What the value means:

indices[3] = Some((2, 0)) → “At address 0x80000004, bytecode position 2, no virtual sequence” indices[34] = Some((36, 7)) → “At address 0x80000042, bytecode position 36, 8-step virtual sequence” indices[2] = None → “No instruction at address 0x80000002”

So the array is a direct map: Index → Address → Bytecode Position

In more detail, the input to the creating of this map is the bytecode which is just a Vec<Instruction> object representing the entire program’s bytecode in ascending order by memory address:

// Line 1
AUIPC { address: 2147483648, virtual_sequence_remaining: None, ... }
// Line 2  
ADDI { address: 2147483652, virtual_sequence_remaining: None, ... }
// Line 3
AUIPC { address: 2147483656, virtual_sequence_remaining: None, ... }
// ...
// Lines 36-43: Virtual sequence at same address
ADDI { address: 2147483714, virtual_sequence_remaining: Some(7), ... }
ANDI { address: 2147483714, virtual_sequence_remaining: Some(6), ... }
LD { address: 2147483714, virtual_sequence_remaining: Some(5), ... }
// ... (5 more at same address)

The output is a BytecodePCMapper containing a sparse array that maps instruction addresses to bytecode positions:

BytecodePCMapper {
    indices: Vec<Option<(usize, u16)>>
    //        ^^^^^^^^^^^^^^^^^^^^^^^^
    //        (bytecode_position, virtual_sequence_remaining)
}

where The Address-to-Index Formula is given by

pub const fn get_index(address: usize) -> usize {
    (address - RAM_START_ADDRESS) / ALIGNMENT_FACTOR_BYTECODE + 1
}
where 
RAM_START_ADDRESS = 0x80000000 (2147483648)
ALIGNMENT_FACTOR_BYTECODE = 2 (2-byte alignment)

The formula in more detail: Subtract RAM_START_ADDRESS to get offset from program start Divide by 2 because instructions are on even addresses Add 1 because index 0 is reserved for NOOP

The length of this array is given by taking the last instruction in the bytecode array, and pulling its physucal address and computing the index, which gives us the size the array (as bytecode stores instructions in ascending order of memory).

Worked Out Examples

Example 1: Simple Instruction

The second Instruction in Bytecode

rustADDI { 
    address: 2147483652,  // 0x80000004
    virtual_sequence_remaining: None,
    ...
}

Calculation:

address = 2147483652
offset = 2147483652 - 2147483648 = 4
index = 4 / 2 + 1 = 3

Result:

indices[3] = Some((2, 0))
//               |   |
//               |   └─ No virtual sequence (0)
//               └───── Bytecode position 2

Interpretation: The instruction at address 0x80000004 is located at bytecode position 2, with no virtual expansion.

Example 2: None Entry (Address Gap)

Address 0x80000002 (2147483650): Calculation:

address = 2147483650
offset = 2147483650 - 2147483648 = 2
index = 2 / 2 + 1 = 2

Result:

indices[2] = None

Why None?

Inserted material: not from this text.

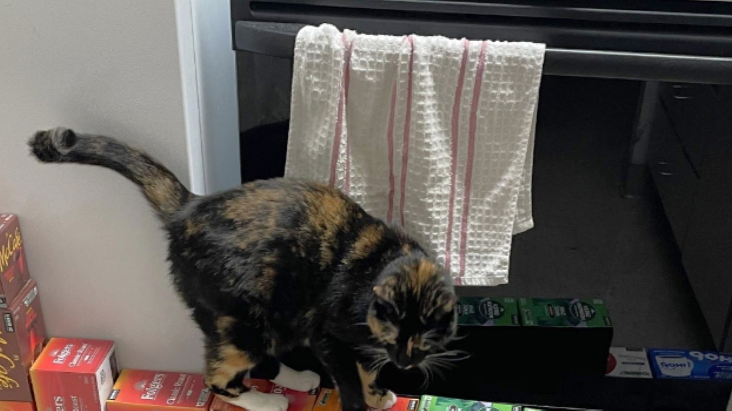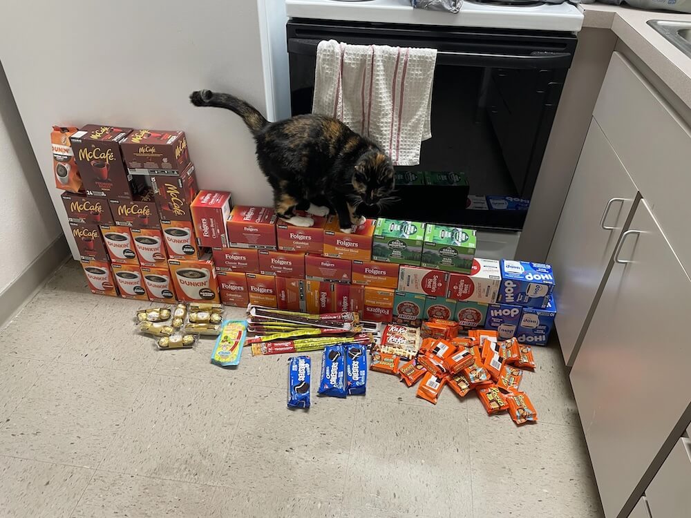 The image showed a wall of 38 boxes of coffee pods with a calico cat standing on them, looking down at about four dozen chocolates and snacks.

The array is initialised with None values. Then as we iterate through the bytecode, for each instruction address we update the corresponding index of the mapper. Some indices of the mapper never have instructions. Instructions appear at 0x80000000, then 0x80000004—the even addresses. The addresses between them (like 0x80000002) have no code, so their indices remain None. This creates a sparse array where gaps represent unused memory addresses.

Example 3: Virtual Instruction Sequence

Bytecode Lines 36-43:

// Line 36
ADDI { address: 2147483714, virtual_sequence_remaining: Some(7), ... }
// Line 37
ANDI { address: 2147483714, virtual_sequence_remaining: Some(6), ... }
// Line 38
LD { address: 2147483714, virtual_sequence_remaining: Some(5), ... }
// Line 39
XORI { address: 2147483714, virtual_sequence_remaining: Some(4), ... }
// Line 40
VirtualMULI { address: 2147483714, virtual_sequence_remaining: Some(3), ... }
// Line 41
VirtualPow2 { address: 2147483714, virtual_sequence_remaining: Some(2), ... }
// Line 42
MUL { address: 2147483714, virtual_sequence_remaining: Some(1), ... }
// Line 43
VirtualSRAI { address: 2147483714, virtual_sequence_remaining: Some(0), ... }

All 8 instructions share address 0x80000042 (2147483714). Calculation:

address = 2147483714
offset = 2147483714 - 2147483648 = 66
index = 66 / 2 + 1 = 34

Result:

indices[34] = Some((36, 7))
//                 |   |
//                 |   └─ 7 more virtual steps follow this one (8 total)
//                 └───── Bytecode position 36 (first instruction)

Interpretation:

Address 0x80000042 maps to bytecode position 36 This starts an 8-step virtual sequence To execute this instruction, read bytecode positions 36-43 consecutively The mapper stores only the first position, not all 8

And that’s all the bytecode pre-processing we do. Next we get to RAM -pre processing

RAM Pre-processing

 let ram_preprocessing = RAMPreprocessing::preprocess(memory_init);

This simply returns a struct of type

pub struct RAMPreprocessing {
    pub min_bytecode_address: u64,
    pub bytecode_words: Vec<u64>,
}

Input: memory_init: Vec<(u64, u8)> - List of (address, byte) pairs representing initial RAM state Output: RAMPreprocessing with:

min_bytecode_address: Starting address of memory region bytecode_words: Dense array of 64-bit words

which is illustrated with the following picture (note the final lower addresses go at the end)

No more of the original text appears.